Tommy looked at him again, longer this time, nodded. “Yeah, maybe so.”

“We could start with favorite food,” Bobby said, nudging his arm. “Dinner’s waiting back home.”

“Yeah. Smelled good,” he said, slowing his pace slightly. “Your mom always makes good stuff.”

She did. Everyone thought so. “Got a favorite of hers?”

Tom shrugged again. “I like it when she makes that corned beef. I think that’s my favorite.” He paused and then added, “Of hers. Not in general.”

Bobby still couldn’t figure out why they were walking when he had a perfectly good car three blocks back, but if Tom needed to blow off some steam, Bobby figured he’d let him. “What about in general? If you had to pick a top fave?”

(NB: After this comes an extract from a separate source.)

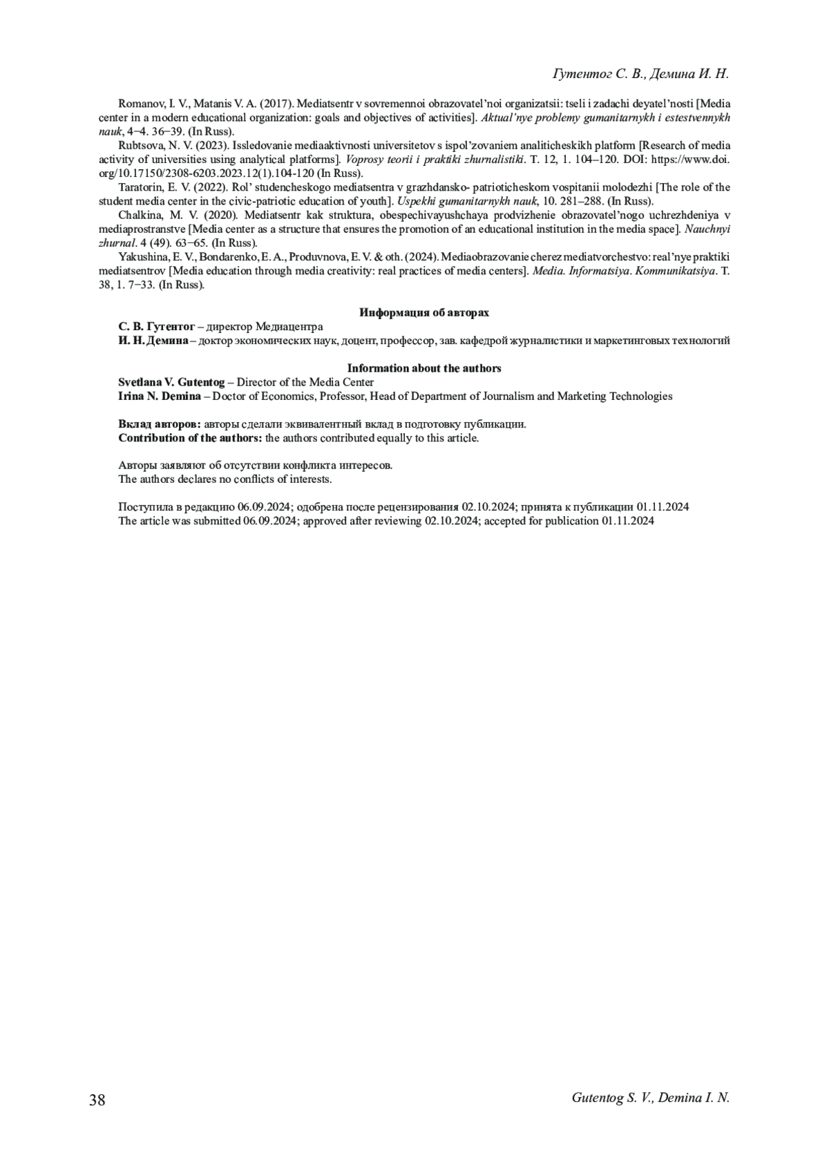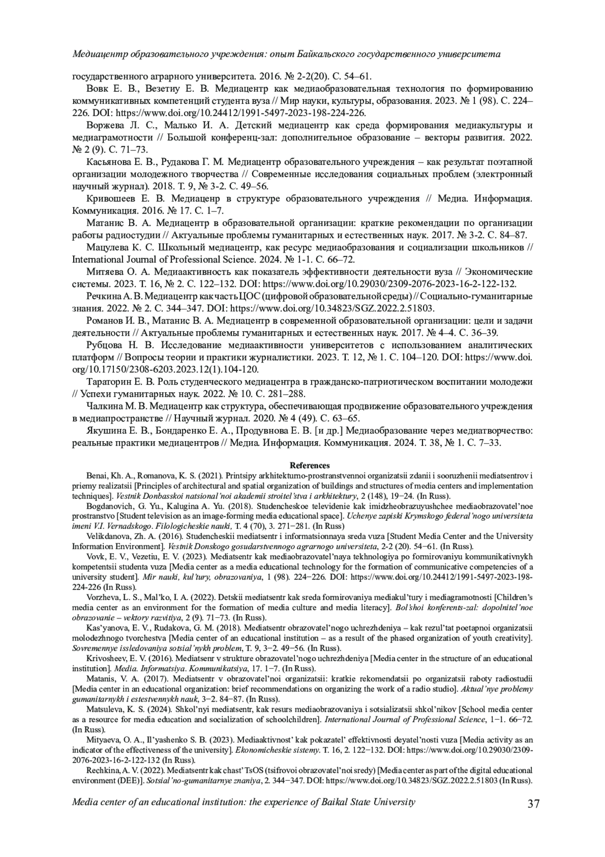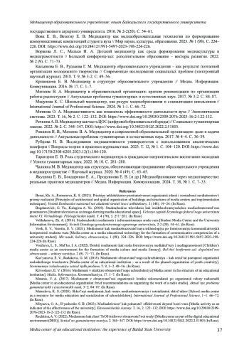 16. Якушина Е. В., Бондаренко Е. А., Продувнова Е. В. [и др.] Медиаобразование через медиатворчество: реальные практики медиацентров // Медиа. Информация. Коммуникация. 2024. Т. 38, № 1. С. 7-33. EDN: EJGDME

“Remember that dinner we had in Mexico? At that one place on the beach? With the green sauce and the white cheese and the shrimp?”

“I don’t remember what it was called, but yeah, I remember that night.” Mostly because he had never seen Tom so relaxed. They’d had sex all morning and laughed all afternoon, walked on the beach and played in the water and then eaten until they both wanted to pass out. Tom didn’t just laugh a few times or tease him and smile. He’d grinned all day and acted like he couldn’t touch Bobby enough, couldn’t get close enough. Tom was a totally different person when he wasn’t worried about something or arguing about something. Bobby didn’t love that Tom more, but he sure as hell enjoyed it when the guy showed up.

“That’s too bad because I’d like to have that again. I think that’s my favorite food.”

And if Bobby had to bribe the chef at that restaurant for the recipe, he’d make sure Tom got that dinner at least once a month till the day they died. “I’ll look it up online,” he said. “I bet their menu is posted, so we can at least get the name of it.”

Tom being Tom said, “You don’t gotta go to any trouble.”

Because of course an internet search would be too much trouble. Bobby snorted a laugh but didn’t say anything. “So, favorite food and favorite color. What else?”

For seemingly no reason, Tom turned at the next corner, so apparently, they were doing a six-block circuit. “I don’t know,” he said absently. “You got a favorite song?”